====== EXCERPTED DATA

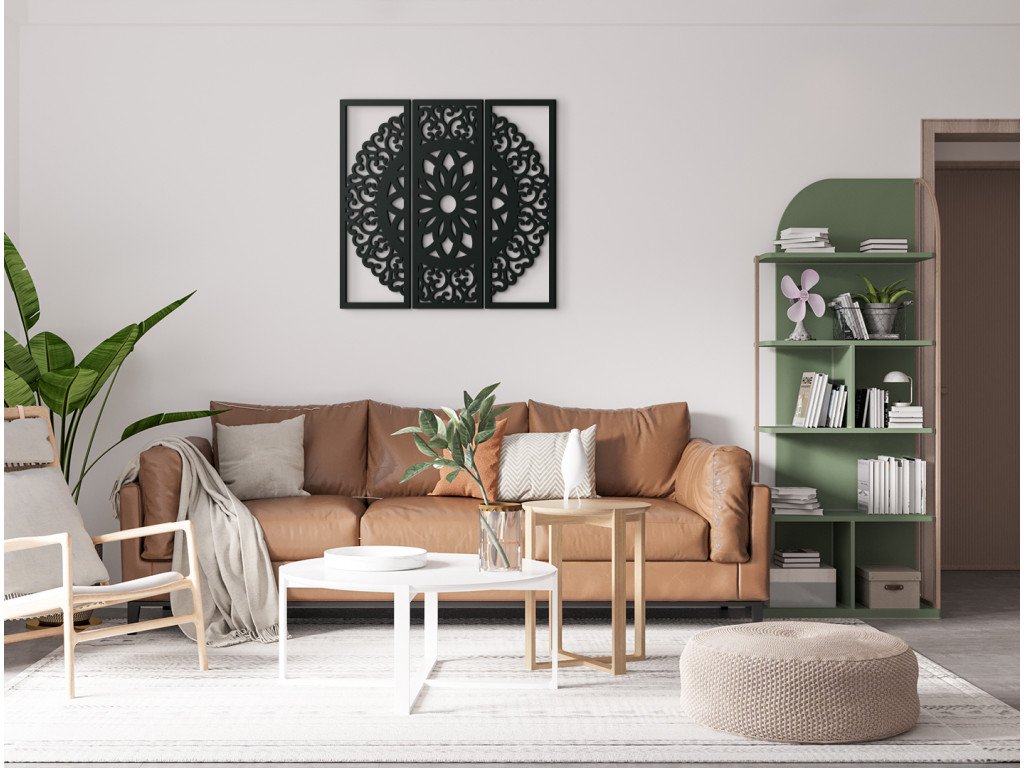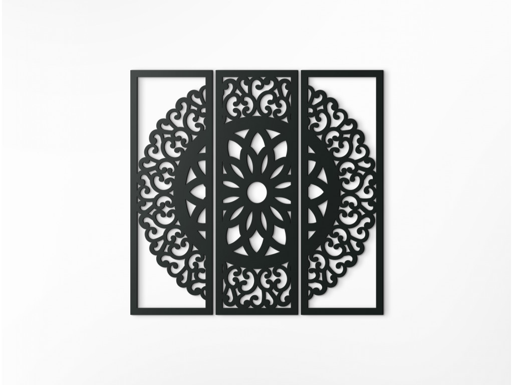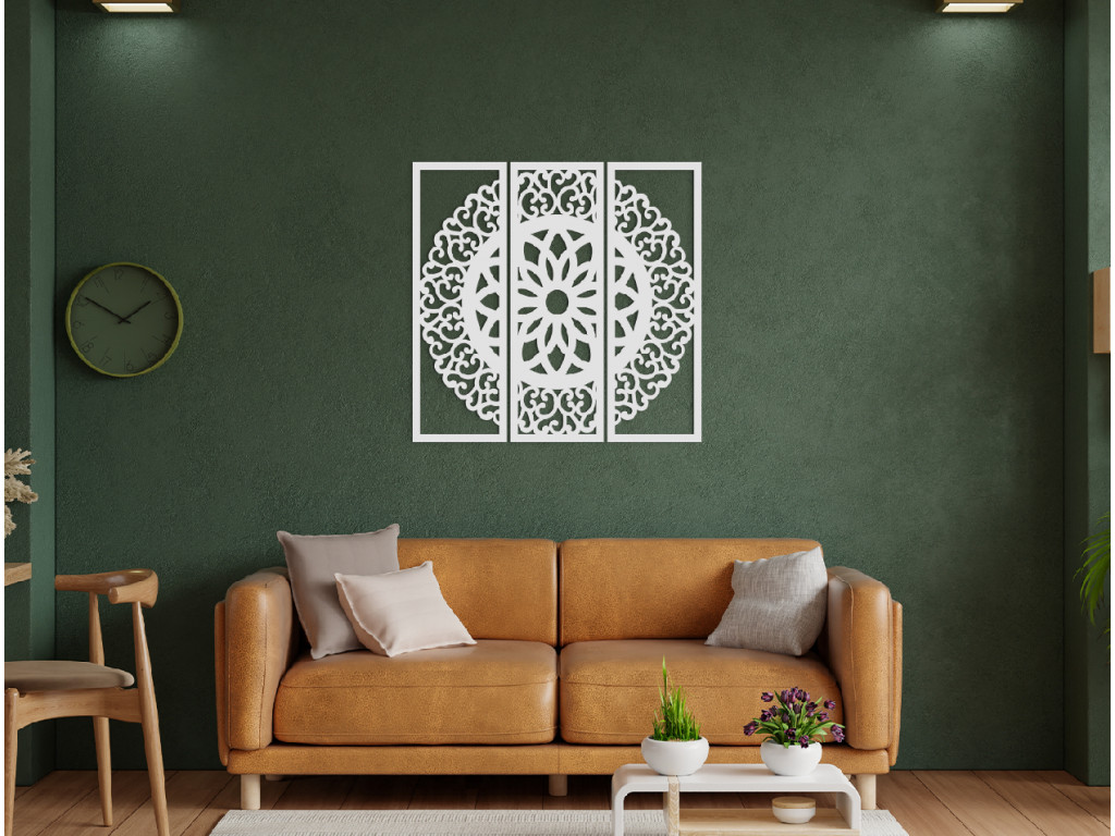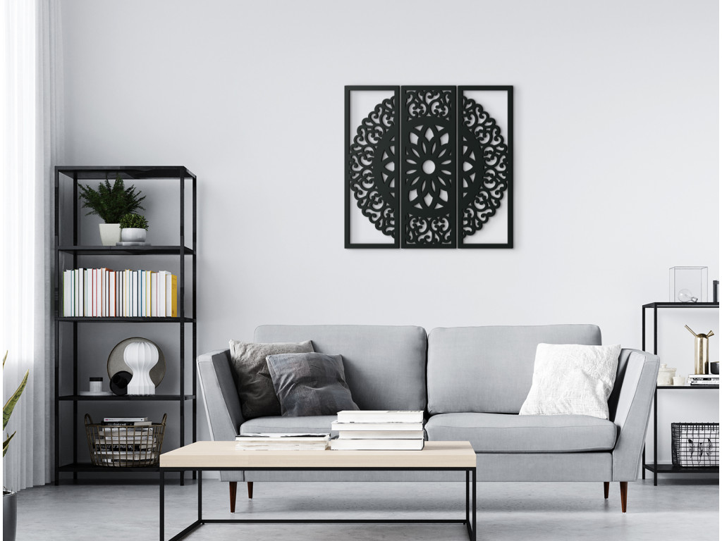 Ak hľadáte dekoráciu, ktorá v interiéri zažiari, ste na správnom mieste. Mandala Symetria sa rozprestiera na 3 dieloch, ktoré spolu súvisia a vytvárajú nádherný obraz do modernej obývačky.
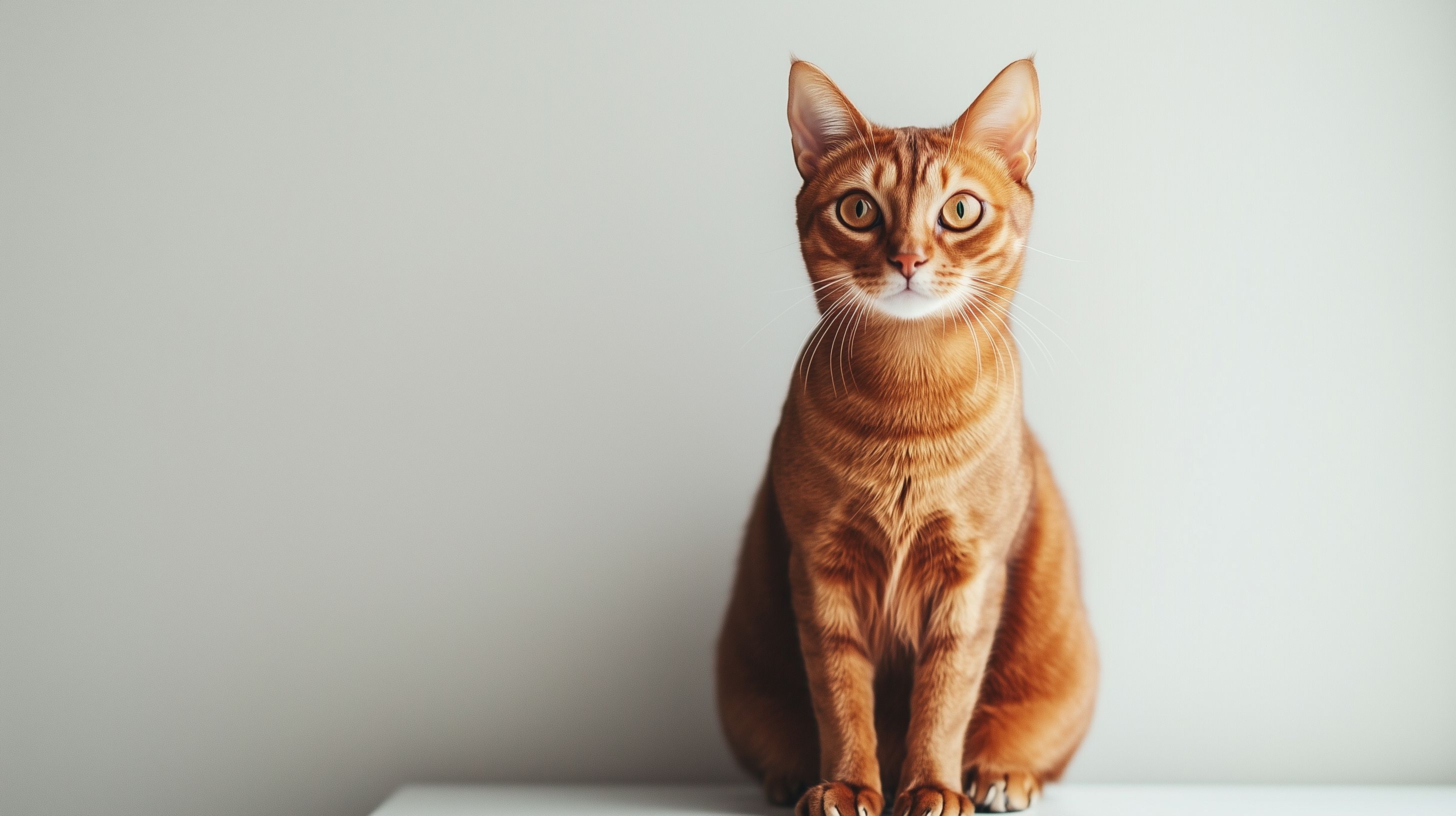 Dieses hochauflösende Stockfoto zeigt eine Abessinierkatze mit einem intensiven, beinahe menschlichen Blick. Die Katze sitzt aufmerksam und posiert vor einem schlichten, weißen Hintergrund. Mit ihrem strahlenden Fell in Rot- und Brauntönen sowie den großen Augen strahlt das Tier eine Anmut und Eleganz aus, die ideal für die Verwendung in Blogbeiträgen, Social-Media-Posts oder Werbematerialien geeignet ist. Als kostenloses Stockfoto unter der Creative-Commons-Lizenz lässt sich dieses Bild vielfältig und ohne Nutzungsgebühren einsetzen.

============
====== EXCERPTED DATA

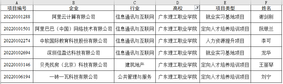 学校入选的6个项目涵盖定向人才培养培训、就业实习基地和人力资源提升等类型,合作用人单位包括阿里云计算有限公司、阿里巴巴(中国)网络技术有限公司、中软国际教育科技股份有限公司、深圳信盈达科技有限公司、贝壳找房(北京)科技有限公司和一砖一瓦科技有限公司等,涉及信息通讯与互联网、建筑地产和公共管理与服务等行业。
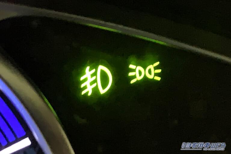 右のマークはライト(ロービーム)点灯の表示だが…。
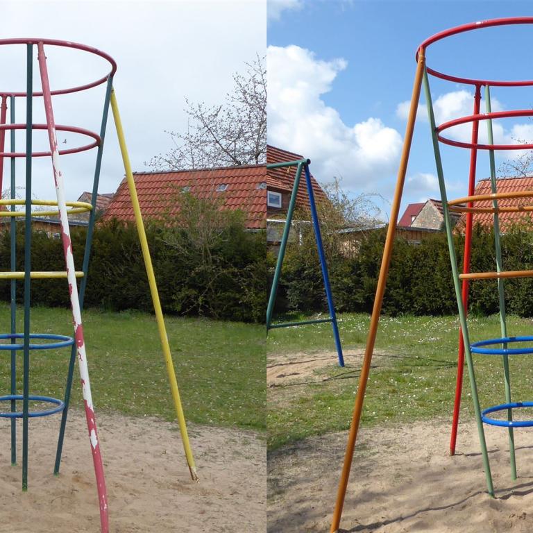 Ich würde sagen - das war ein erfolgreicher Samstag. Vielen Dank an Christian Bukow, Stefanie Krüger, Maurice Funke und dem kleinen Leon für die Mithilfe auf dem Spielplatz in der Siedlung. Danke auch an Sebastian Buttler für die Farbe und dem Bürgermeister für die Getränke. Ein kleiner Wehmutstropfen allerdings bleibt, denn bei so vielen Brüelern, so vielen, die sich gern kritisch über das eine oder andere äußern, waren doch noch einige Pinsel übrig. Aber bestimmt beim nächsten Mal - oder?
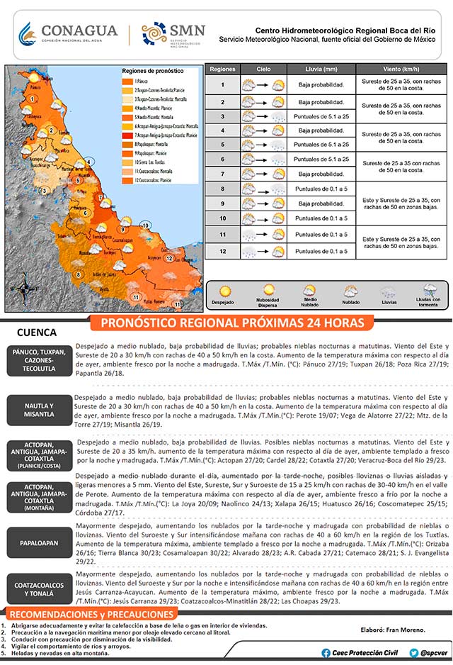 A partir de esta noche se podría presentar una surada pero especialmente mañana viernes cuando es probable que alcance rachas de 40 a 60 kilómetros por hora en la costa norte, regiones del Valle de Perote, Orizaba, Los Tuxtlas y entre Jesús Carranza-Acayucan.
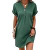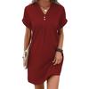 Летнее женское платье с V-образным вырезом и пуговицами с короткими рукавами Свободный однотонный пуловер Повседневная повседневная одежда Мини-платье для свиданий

============

EXERCISE DESCRIPTION
Copy nothing but the lines above from the one with "右のマークはライト(ロービーム)点灯の表示だが…。" to the one with "Летнее женское платье", inclusive, word for word. Leave every picture out.

OUTPUT
 右のマークはライト(ロービーム)点灯の表示だが…。
 Ich würde sagen - das war ein erfolgreicher Samstag. Vielen Dank an Christian Bukow, Stefanie Krüger, Maurice Funke und dem kleinen Leon für die Mithilfe auf dem Spielplatz in der Siedlung. Danke auch an Sebastian Buttler für die Farbe und dem Bürgermeister für die Getränke. Ein kleiner Wehmutstropfen allerdings bleibt, denn bei so vielen Brüelern, so vielen, die sich gern kritisch über das eine oder andere äußern, waren doch noch einige Pinsel übrig. Aber bestimmt beim nächsten Mal - oder?
 A partir de esta noche se podría presentar una surada pero especialmente mañana viernes cuando es probable que alcance rachas de 40 a 60 kilómetros por hora en la costa norte, regiones del Valle de Perote, Orizaba, Los Tuxtlas y entre Jesús Carranza-Acayucan.
 Летнее женское платье с V-образным вырезом и пуговицами с короткими рукавами Свободный однотонный пуловер Повседневная повседневная одежда Мини-платье для свиданий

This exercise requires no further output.